O relato de uma história

Certa vez, houve alguém que me era terno, uma amiga especial por quem eu nutria um carinho verdadeiro e sincero, tão singelo.

Morávamos em cidades distintas, mas nos falávamos todos os dias! Morávamos há 36 km uma da outra e víamo-nos sempre que possível! Passávamos finais de semana uma com a outra, virávamos a noite conversando, jogando RPG, fazendo companhia uma a outra!

Ansiávamos pelas visitas uma da outra, entristecíamos quando da partida! Nunca parávamos de conversar, nossos assuntos eram diversos: RPG, fantasia, livros, histórias, músicas! Tantas outras coisas a prosear, nunca havia tempo hábil para dividirmos nossas experiências.

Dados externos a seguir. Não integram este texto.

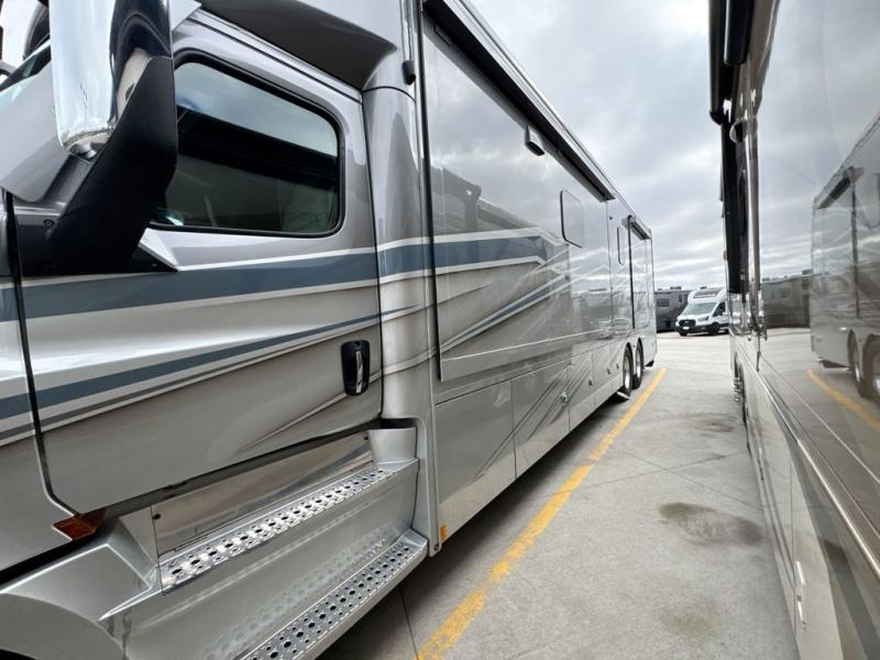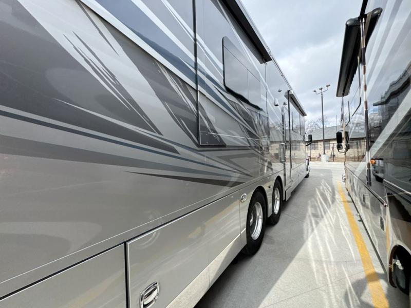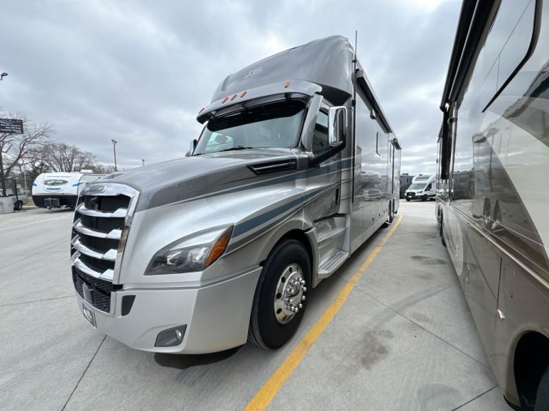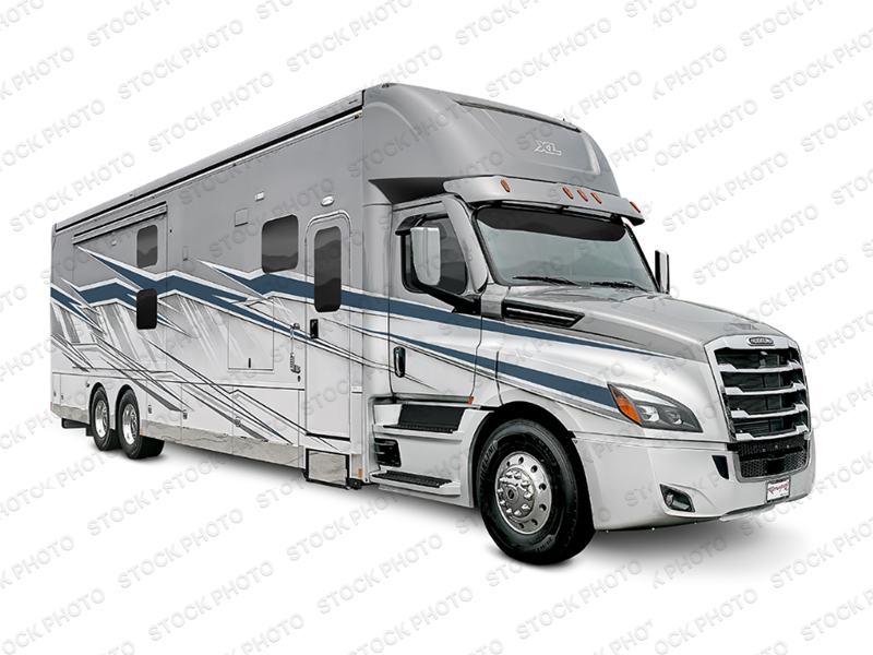 A legend of luxury is what you will find in each one of these Renegade XL Super C diesel motorhomes! Their ultra sleek interiors have been thoughtfully designed with simplified luxury and many unparalleled features like Cambria Quartz countertops throughout and Mastrotto Italian hide leather furniture. The 4-point automatic hydraulic leveling system makes life easier, the multiplex system with color touch panel and Bluetooth app control lets you adjust things with the touch of a finger, and the Aqua-Hot 600D hydronic water and zone heating system provides hot water where ever you go. With seven Colorway paint options and three interior decor options, you can be sure to have the one that fits your style. You will appreciate the electrical systems with dual 3,000W True Sine wave inverters, a 12.5kW Onan quiet diesel generator, two 330 ah AGM house batteries, and more features to keep you powered up. Head outdoors to find dual roof-mounted Girard awnings, and steel storage compartments to keep your gear secure. And we haven't even touched on the cab conveniences, like the digital dash cluster and 10" infotainment system, the 360 degree camera system and upgraded cab sound system, plus the Freightliner Safety Assurance Package with collision mitigation, lane departure warning, and more!

Foi graças a ela que conheci o homem com quem me casarei em 2011!

Contudo, as pessoas diziam-me diferente quando estava com ela, mais agressiva especialmente com a família, alheia ao restante do mundo. Demorei anos para perceber isso! Meus olhos se abriram aos poucos, fui percebendo que, ainda que sem intenção, ela diminuía os demais para sentir-se melhor em suas práticas, um talento prodigioso às custas de reduzir os demais a nada! Corrigia as pessoas independentemente de quantos o presenciassem, era radical e intolerante com aqueles que não partilhavam de suas crenças (ainda que não chegasse a ofendê-los ou barbarizar).

Aquela pessoa que eu conhecia tão bem começou a trajar-se de monstro aos meus olhos e nada do que eu lhe dizia era ouvido, os comportamentos pioraram! Minha visão se abriu toda nossa histórias e minha percepção acusou que tudo quanto vinha de mim parecia não a interessar, enquanto que eu me mostrava tão empolgada com as idéias que dela brotavam!

Nunca briguei com ela, tampouco discuti ou agi irracionalmente. Um dia, simplesmente fui corajosa o suficiente para sentar e conversar sobre tudo o que me afligia, sobre sua persistência em machucar os outros (ainda que involuntariamente), falei-lhe tudo com calma! Foi nesse momento que coloquei um fim em nossa amizade de irmãs, nesse momento em que arranquei um pedaço de mim por nós duas e que lhe pedi que mudasse coisa ou outra para que outra pessoa não fizesse o mesmo que eu!

Sei que foi o melhor para nós e não me arrependo do que fiz, dois ou três anos atrás. Contudo, não nego que sinto, até hoje, uma enorme falta de sua companhia!

Se lendo este post e, pelo que narro, ela não reconhecer nossa história, certamente a imagem garantir-lhe-á que é dela que falo e saberá que sua amizade me gravou eternamente.